Industrial production remained unchanged in November compared with the previous month, the latest figures from the Office for National Statistics showed Friday.

The unexpected stagnation in production followed two successive months of improvement. Output increased by a revised 0.3 percent in October and 0.9 percent in September. Economists had forecast a 0.4 percent increase in November.

Manufacturing output also remained steady on a month-on-month basis. In October, factory output grew by a revised 0.2 percent. Economists had forecast a 0.4 percent increase.

Year-on-year, industrial production growth eased to 2.5 percent in November from 3.2 percent, while expectations were for a 3 percent rise. Manufacturing output grew 2.8 percent annually, slower than the expected 3.3 percent expansion and October's 2.6 percent rise.

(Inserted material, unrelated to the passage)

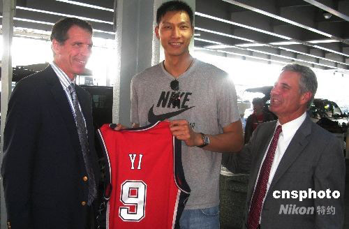當(dāng)?shù)貢r(shí)間9月8日下午,本賽季將代表新澤西網(wǎng)隊(duì)征戰(zhàn)NBA的中國(guó)球員易建聯(lián)抵達(dá)紐約肯尼迪機(jī)場(chǎng)。他將在一周后參加網(wǎng)隊(duì)“新秀訓(xùn)練營(yíng)”,為新賽季做準(zhǔn)備。網(wǎng)隊(duì)總經(jīng)理奇奇·范德維奇(左)和執(zhí)行副主席里奧·埃爾萊(右)帶著易建聯(lián)的新球衣到機(jī)場(chǎng)迎接。中新社發(fā) 李靜 攝

Another ONS report showed that construction output, which accounts for 6.3 percent of gross domestic product, declined 4 percent in November from October. This was the sharpest fall in production in 2013.

Nonetheless, construction output rose 2.2 percent year-on-year, which was the sixth consecutive month of annual growth.

Taking all recent reports, the fourth quarter GDP is likely to come in just below 1 percent rather than just above, said ING Bank NV economist James Knightley.

Gross domestic product expanded 0.8 percent in the third quarter of 2013. The British Chambers of Commerce forecasts economic growth in the fourth quarter to accelerate to 0.9 percent.

Looking ahead, with a recovery in real incomes set to support further growth in consumer spending and signs that firms are gearing up to invest, 2014 should be a year of continued expansion in industrial production, said Samuel Tombs, a UK Economist at Capital Economics.